Thanks for your response Sree and sorry for missing to mention one point in my initial post.
On the server site, when L2VPN Server ESG and the workload vms(stretch) are on the same host then stretch workloads on on-prem can reach the remote vms. However when i separate the workload vms and L2VPN server ESG vm on the server site then within the site vms can reach each other however the vm which is on separate host cannot be reached by on-premise vm.
VMs which are still on the same host with L2VPN server ESG VM can still be reached from on-premise workload vms.
It is a collapsed cluster design so one cluster has everything i.e. workload vms and Edges. I tried to follow the below guide however not sure why it is not helping there. Please suggest.
However when i separate the workload vms and L2VPN server ESG vm on the server site then within the site vms can reach each other however the vm which is on separate host cannot be reached by on-premise vm
In the above case, can the workload VM reach L2-VPN server when they are on different server ?
Thanks for the followup.
Short answer, No.
For details, below is the view.
L2VPN Server ESG VM(For testing purpose, configured Trunk NIC with one available ip assigned from the stretch subnet to the sub-interface)

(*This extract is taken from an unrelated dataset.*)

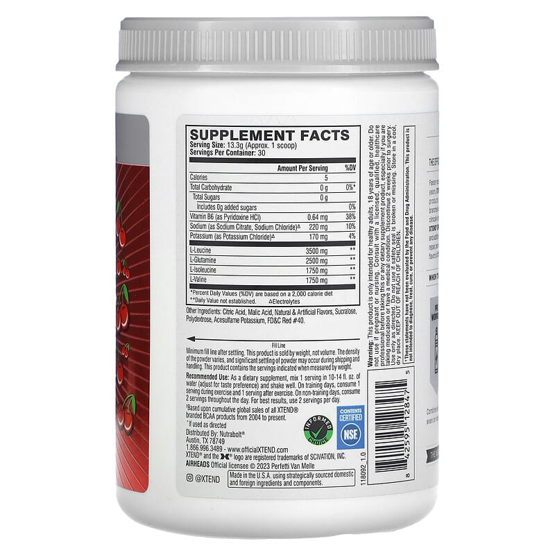 Zero Sugar*7 g BCAAAir HeadsNaturally & Artificially Flavored30 Servings Dietary Supplement The World’s #1 BCAA Brand‡Informed ChoiceNSF Contents CertifiedThe Official Recovery Brand of Champions. Faster recovery is the key to better results. For over 10 years, XTEND® has been making the best recovery products in the world. Powered by 7 grams of branched-chain amino acids [BCAAs], which have been clinically shown to support muscle recovery and growth, XTEND® ORIGINAL also contains hydrating electrolytes and additional performance ingredients to help you refuel, repair, and recover. ^ Try all the sugar-free, mouthwatering flavors of XTEND® to support your fitness goals. Combine with any XTEND® branded product every day, even on rest days, to help maximize your recovery. *Per serving‡Based upon cumulative global sales of all XTEND® branded BCAA products from 2004 to present. ^If used as directed

1- VM3(on-prem) can reach VM2(Server site) and vice versa
2- VM3(on-prem) can reach L2VPN Server sub-interface(server site)
3- VM2(on-prem) can reach L2VPN Server sub-interface(server site)

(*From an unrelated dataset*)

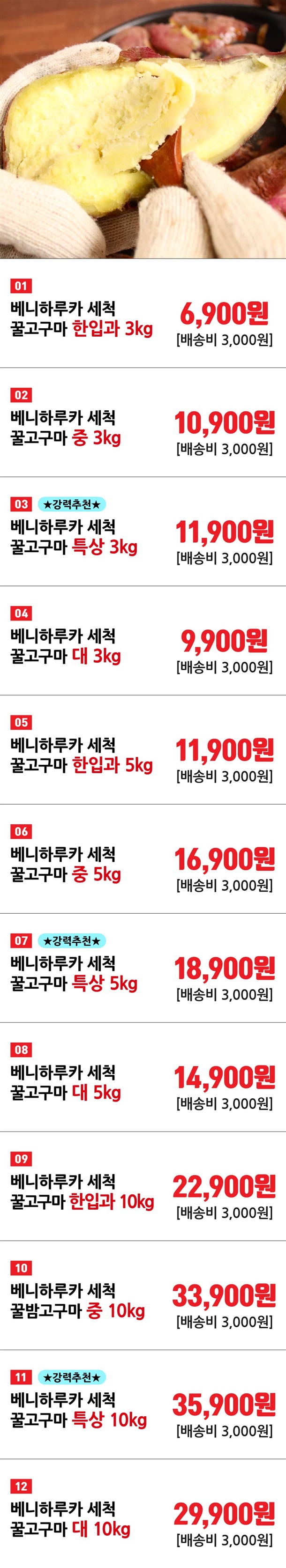 · 배송비 : 3,000원(1개 마다 기본배송비 반복 부과)

4- VM2(Server site) can reach VM1(Server site) and vice versa
--> This is only possible when Trunk port group has teaming policy as "Route based on original port ID" and with one active uplink.
Workload port group has the same load balance policy as Trunk PG however has two active uplinks. If i match the teaming policy of workload PG to Trunk PG even this communication stops. I am trying to follow the earlier link i posted for L2VPN routing loop mitigation.

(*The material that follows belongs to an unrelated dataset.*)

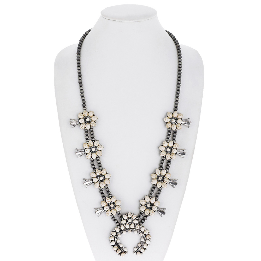 WESTERN NAVAJO BEADED TURQUOISE SYNTHETIC SEMI STONE SQUASH BLOSSOM ADJUSTABLE NECKLACE
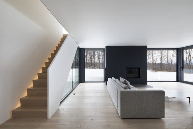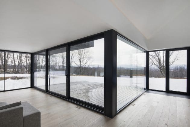 On the lower level, a band of windows cuts across both structures – a void that ties together the contrasting forms. It wraps around the social spaces, giving out onto the majestic views of Brome Lake Valley and Mont Sutton. Upstairs, punched openings frame views of the property’s mature trees. These dark framed openings, a simple material palette, and minimal detailing connect the interior spaces, subtlety highlighted geometric variations and moments where spatial intimacy meets openness.

5- VM1(Server site) can not reach L2VPN Server sub-interface(server site) based on the packet capture taken on the trunk interface of L2VPN Server.
--> Not sure why as VM1 can reach VM2 which is on the same host where L2VPN Server resides.
Thanks for the detailed explanation. Few more queries
1. L2 VPN Client side deployment is done on Standard/DVS ?
2. What type of port policies are we using here ? Forged/Promiscuous or Sink port or combination of all ?
3. Instead of moving the VM's behind the L2 VPN server, if we migrate L2 VPN esg to another host, in that case tunnel is going down ?